» Records from a data source:
====

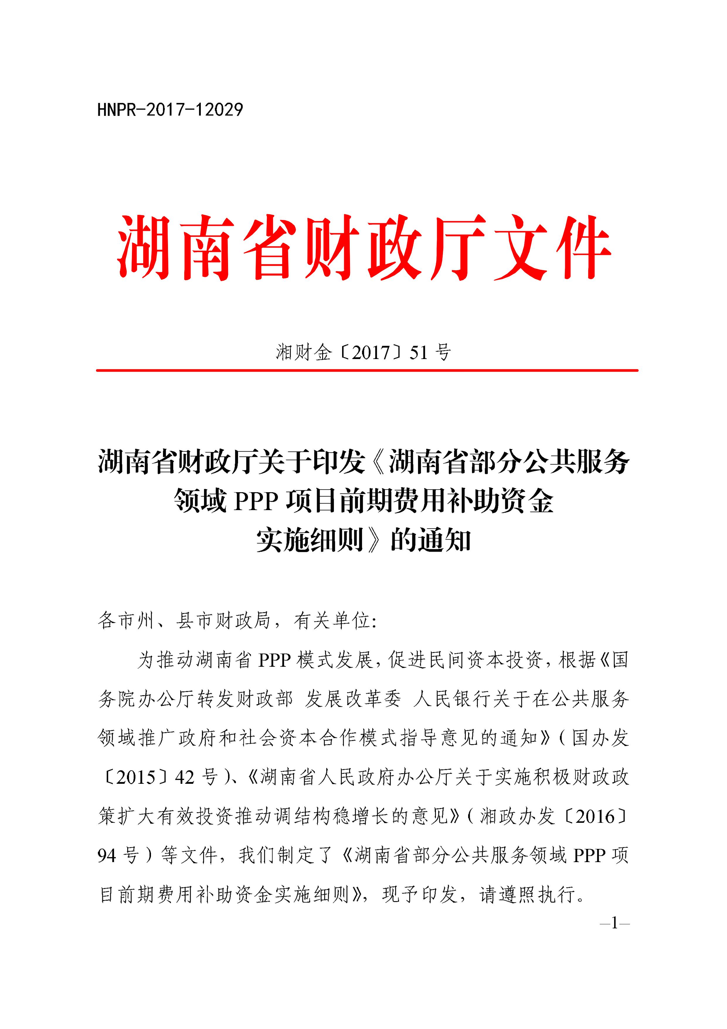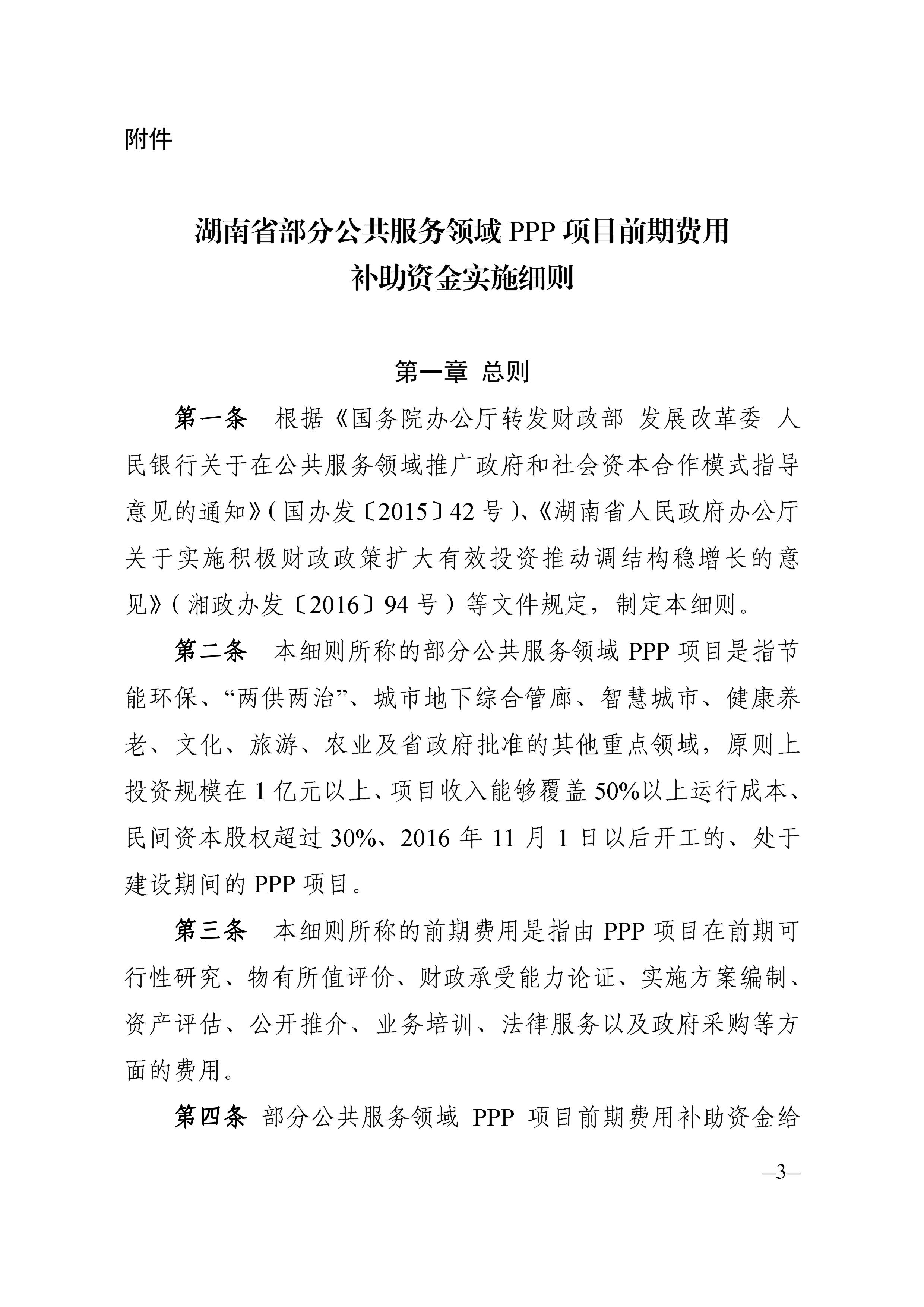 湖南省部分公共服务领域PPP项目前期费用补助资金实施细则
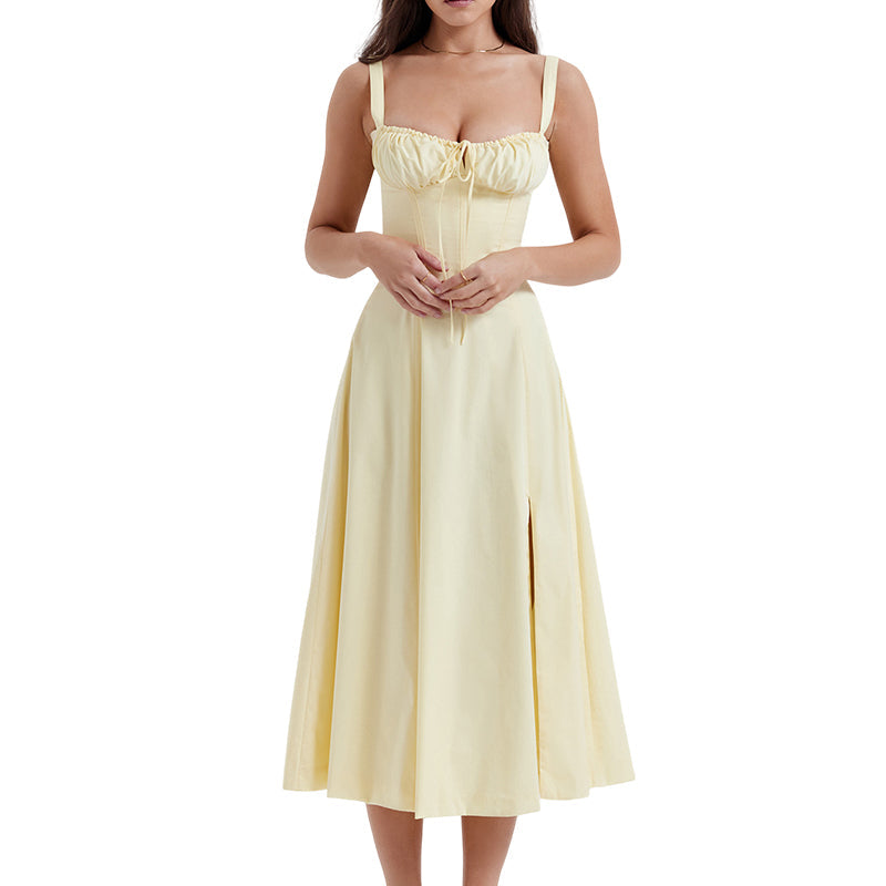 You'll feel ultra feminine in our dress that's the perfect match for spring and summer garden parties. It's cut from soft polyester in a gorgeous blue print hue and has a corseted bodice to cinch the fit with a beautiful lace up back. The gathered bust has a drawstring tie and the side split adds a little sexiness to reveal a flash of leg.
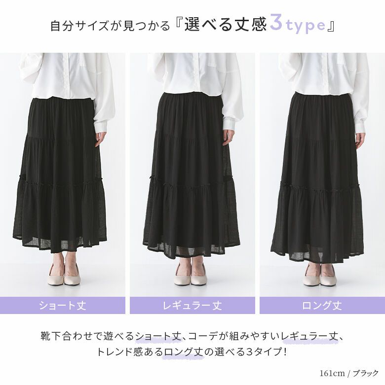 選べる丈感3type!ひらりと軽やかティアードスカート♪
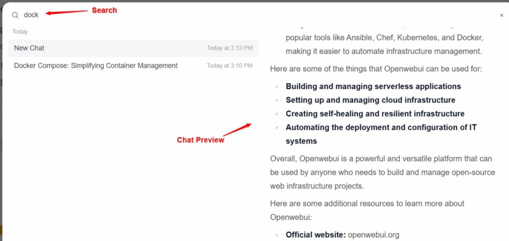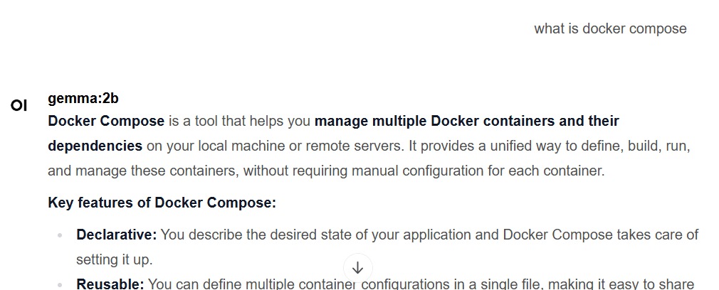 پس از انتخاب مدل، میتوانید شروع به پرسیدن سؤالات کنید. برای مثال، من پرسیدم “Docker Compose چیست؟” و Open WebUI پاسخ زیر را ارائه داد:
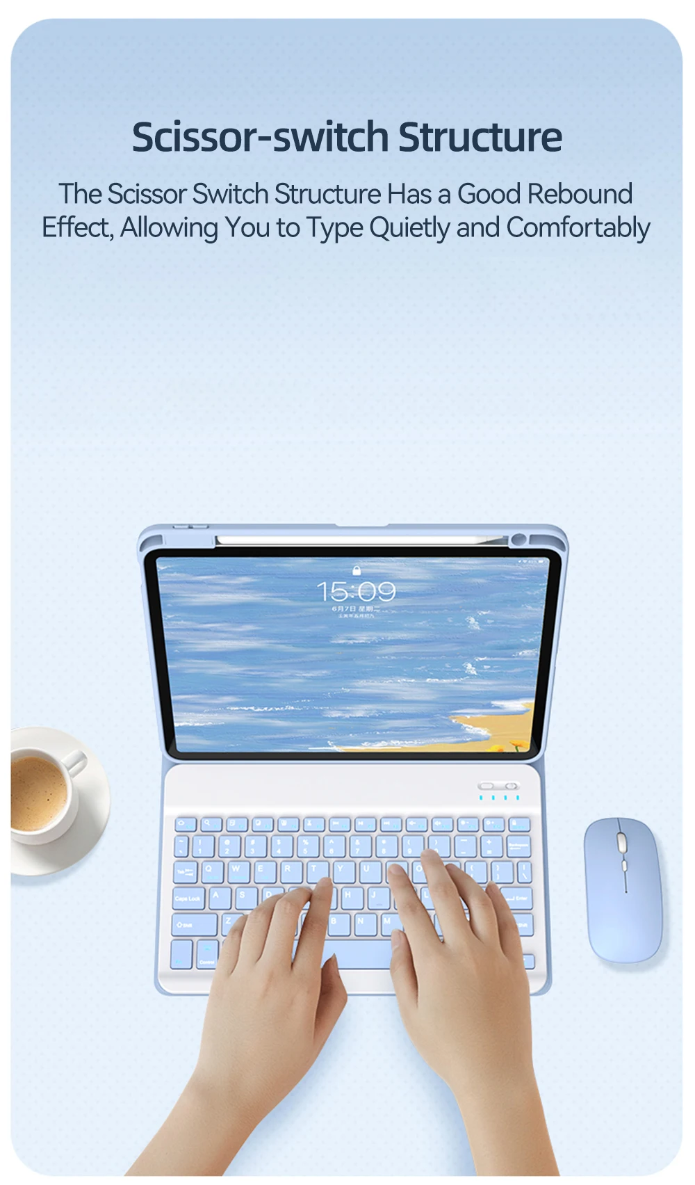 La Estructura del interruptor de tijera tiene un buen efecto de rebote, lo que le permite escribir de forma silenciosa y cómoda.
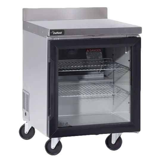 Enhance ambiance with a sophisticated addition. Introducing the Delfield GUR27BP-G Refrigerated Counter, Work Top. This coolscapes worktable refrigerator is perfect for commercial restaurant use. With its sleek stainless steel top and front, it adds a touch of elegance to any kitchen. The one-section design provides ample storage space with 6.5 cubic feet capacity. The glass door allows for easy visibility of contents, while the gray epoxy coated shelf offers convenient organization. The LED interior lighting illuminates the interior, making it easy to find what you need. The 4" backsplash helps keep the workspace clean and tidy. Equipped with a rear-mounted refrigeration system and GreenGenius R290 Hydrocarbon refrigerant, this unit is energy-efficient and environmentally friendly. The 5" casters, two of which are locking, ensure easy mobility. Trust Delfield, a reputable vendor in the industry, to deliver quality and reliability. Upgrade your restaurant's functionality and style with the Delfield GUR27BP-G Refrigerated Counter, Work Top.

====

» PROBLEM REQUIREMENTS: Leave out the pictures and copy every record above exactly.

» FINISHED TASK:
 湖南省部分公共服务领域PPP项目前期费用补助资金实施细则
 You'll feel ultra feminine in our dress that's the perfect match for spring and summer garden parties. It's cut from soft polyester in a gorgeous blue print hue and has a corseted bodice to cinch the fit with a beautiful lace up back. The gathered bust has a drawstring tie and the side split adds a little sexiness to reveal a flash of leg.
 選べる丈感3type!ひらりと軽やかティアードスカート♪
 پس از انتخاب مدل، میتوانید شروع به پرسیدن سؤالات کنید. برای مثال، من پرسیدم “Docker Compose چیست؟” و Open WebUI پاسخ زیر را ارائه داد:
 La Estructura del interruptor de tijera tiene un buen efecto de rebote, lo que le permite escribir de forma silenciosa y cómoda.
 Enhance ambiance with a sophisticated addition. Introducing the Delfield GUR27BP-G Refrigerated Counter, Work Top. This coolscapes worktable refrigerator is perfect for commercial restaurant use. With its sleek stainless steel top and front, it adds a touch of elegance to any kitchen. The one-section design provides ample storage space with 6.5 cubic feet capacity. The glass door allows for easy visibility of contents, while the gray epoxy coated shelf offers convenient organization. The LED interior lighting illuminates the interior, making it easy to find what you need. The 4" backsplash helps keep the workspace clean and tidy. Equipped with a rear-mounted refrigeration system and GreenGenius R290 Hydrocarbon refrigerant, this unit is energy-efficient and environmentally friendly. The 5" casters, two of which are locking, ensure easy mobility. Trust Delfield, a reputable vendor in the industry, to deliver quality and reliability. Upgrade your restaurant's functionality and style with the Delfield GUR27BP-G Refrigerated Counter, Work Top.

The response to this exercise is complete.